[IPython-dev] Buffers

Tue Jul 27 18:22:44 EDT 2010

Do you guys want to chat about this on IRC?

On Tue, Jul 27, 2010 at 3:16 PM, MinRK <benjaminrk at gmail.com> wrote:

> Okay, so it sounds like we should never interpret unicode objects as simple
> strings, if I am understanding the arguments correctly.
>
> I certainly don't think that sending anything providing the buffer
> interface should raise an exception, though. It should be up to the user to
> know whether the buffer will be legible on the other side.
>
> The situation I'm concerned about is that json gives you unicode strings,
> whether that was the input or not.
> s1 = 'word'
> j = json.dumps(s1)
> s2 = json.loads(j)
> # u'word'
>
> Now, if you have that logic internally, and you are sending messages based
> on messages you received, unless you wrap _every single thing_ you pass to
> send in str(), then you are calling things like send(u'word').  I really
> don't think that should not raise an error, and trunk surely does.
>
> The other options are either to always interpret unicode objects like
> everything else, always sending by its buffer, trusting that the receiving
> end will call decode (which may require that the message be copied at least
> one extra time).

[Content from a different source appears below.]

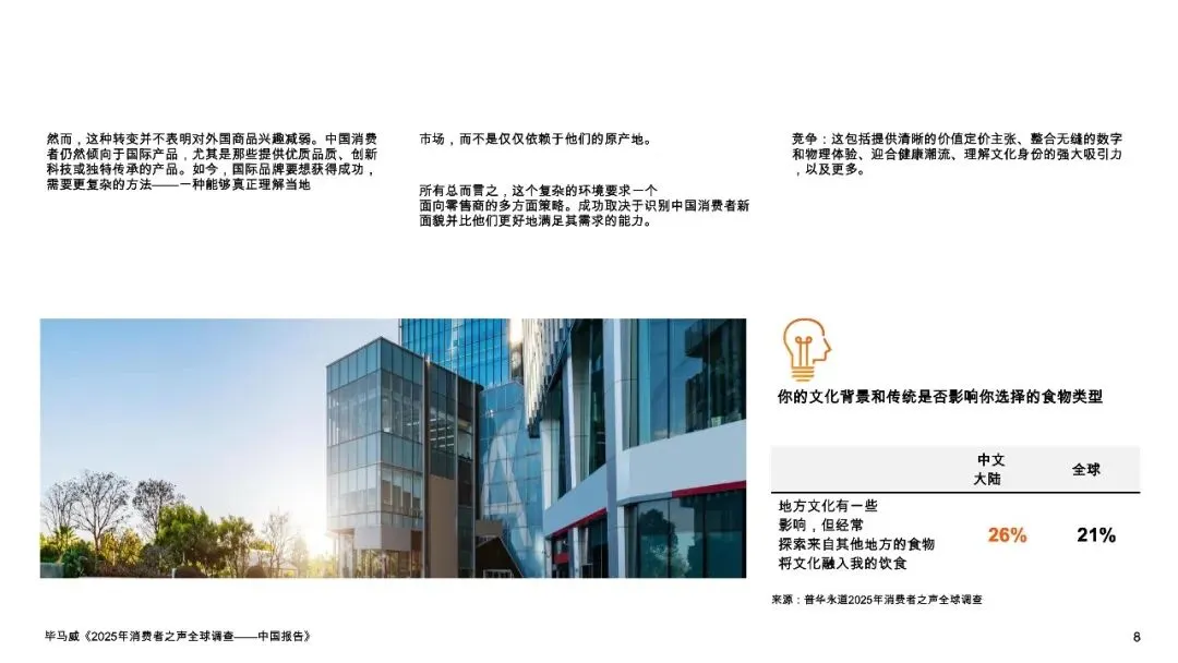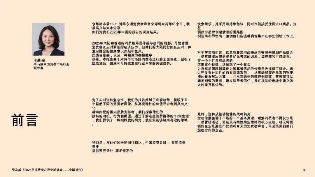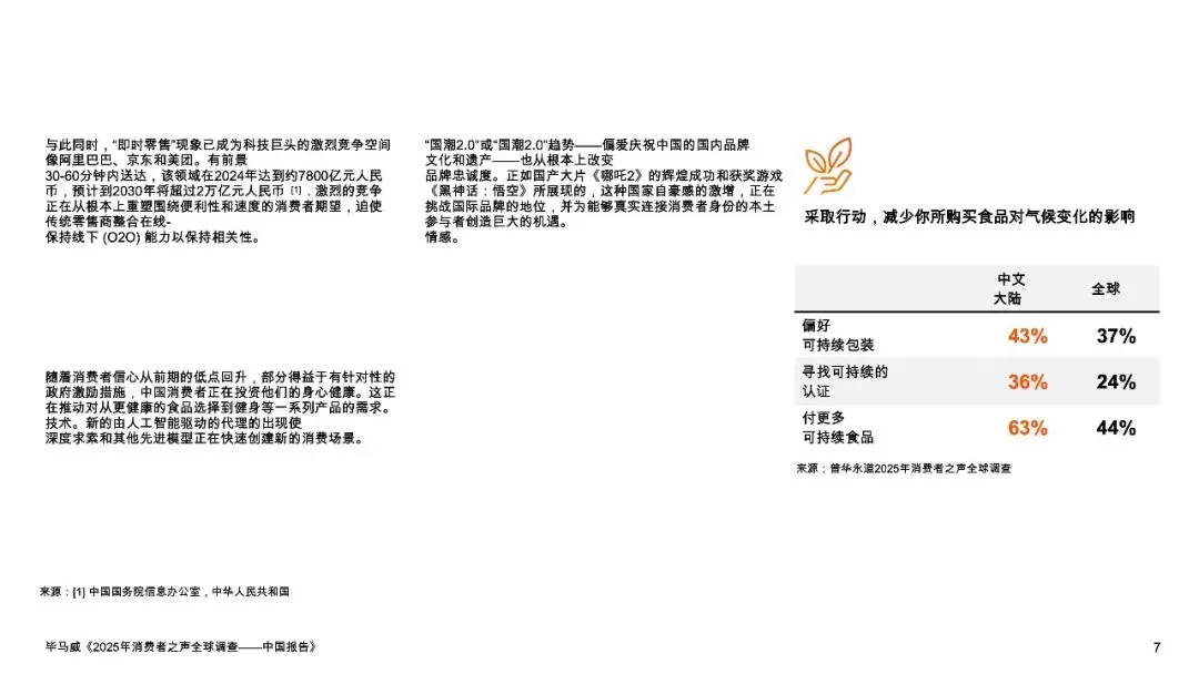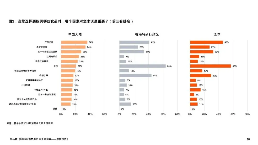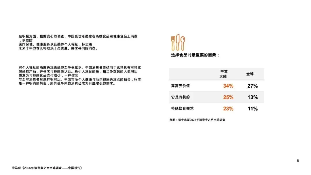 报告揭示了一个分裂又统一的消费图景:在宏观承压(45%家庭年收入低于1万美元)的背景下,34%的中国消费者将“高营养价值”作为食品选购首要因素,远超全球均值27%;同时63%的消费者愿意为可持续食品支付溢价,意愿领先全球近20个百分点。这背后是两股并行不悖的消费思潮——由经济压力驱动的“价值追寻者”正推动硬折扣零售爆发式增长,而注重健康与文化的“生态健康倡导者”和“国产品牌支持者”则支撑起高端健康食品和“国潮2.0”的市场崛起。

This would also mean that if A sends something packed by
> json to B, B unpacks it, and it included a str to be sent to C, then B has a
> unicode wrapped version of it (not a str). If B then sends it on to C, C
> will get a string that will _not_ be the same as the one A packed and sent
> to B. I think this is terrible, since it seems like such an obvious (already
> done) fix in zmq.
>
> I think that the vast majority of the time you are faced with unicode
> strings, they are in fact simple str instances that got wrapped, and we
> should expect that and deal with it.
>
> I decided to run some tests, since I currently have a UCS2 (OSX 10.6.4) and
> UCS4 (ubuntu 10.04) machine
> They are running my `patches' zmq branch right now, and I'm having no
> problems.
>
> case 1: sys.defaultencoding = utf8 on mac, ascii on ubuntu.

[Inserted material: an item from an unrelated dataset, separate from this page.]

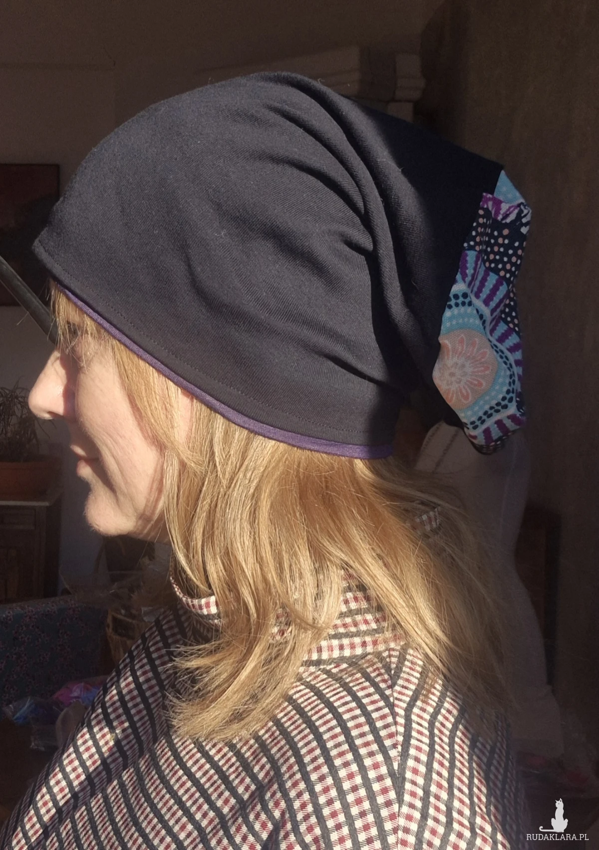 Czarna czapka Smerfetka na podszewce wiosenna rozmiar uniwersalny polecam Box P1

> a.send(u'who') # valid ascii, valid utf-8, ascii string sent
> b.recv()
> # 'who'
>
> u=u'whoπ'
> # u'who\xcf\x80'
>
> a.send(u'whoπ') # valid ascii, valid utf-8, utf string sent
> b.recv().decode('utf-8')
> # u'who\xcf\x80'
>
> case 2: sys.defaultencoding = ascii,ascii
> a.send(u'who') # valid ascii, string sent
> b.recv()
> # 'who'
>
> u=u'whoπ'
> u
> # u'who\xcf\x80'
>
> a.send(u'whoπ') # invalid ascii, buffer sent
> s = b.recv()
> # 'w\x00h\x00o\x00\xcf\x00\x80\x00'
> s.decode('utf-8')
> # UnicodeError (invalid utf-8)
> s.decode('utf16')
> # u'who\xcf\x80'
>
>
> It seems that the _buffer_ of a unicode object is always utf16
>
> I also did it with utf-8 on both sides, and threw in some latin-1, and
> there was no difference between those and case 1.
>
> I can't find the problem here.
>
> As far as I can tell, a unicode object is:
> a) a valid string for the sender, and the string is sent in the sender's
> default encoding
> on the receiver:
>     sock.recv().decode(sender.defaultcodec)

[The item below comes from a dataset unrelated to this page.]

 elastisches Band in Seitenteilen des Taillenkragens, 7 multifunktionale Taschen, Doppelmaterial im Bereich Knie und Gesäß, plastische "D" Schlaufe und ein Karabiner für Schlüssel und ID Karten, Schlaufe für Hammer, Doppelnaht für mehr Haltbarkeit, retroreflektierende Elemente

>     gets the object back
> b) not a valid string for the sender, and the utf16 buffer is sent
> on the receiver:
>     sock.recv().decode('utf16')
>     always seems to work
>
> I even tried various instances of specifying the encoding as latin, etc.
> and sending math symbols (√,∫) in various directions, and invariably the
> only thing I needed to know on the receiver was the default encoding on the
> sender. Everything was reconstructed properly with either
> s.decode(sender.defaultcodec) or s.decode(utf16), depending solely on
> whether str(u) would raise on the sender.
>
> Are there specific symbols and/or directions where I should see a problem?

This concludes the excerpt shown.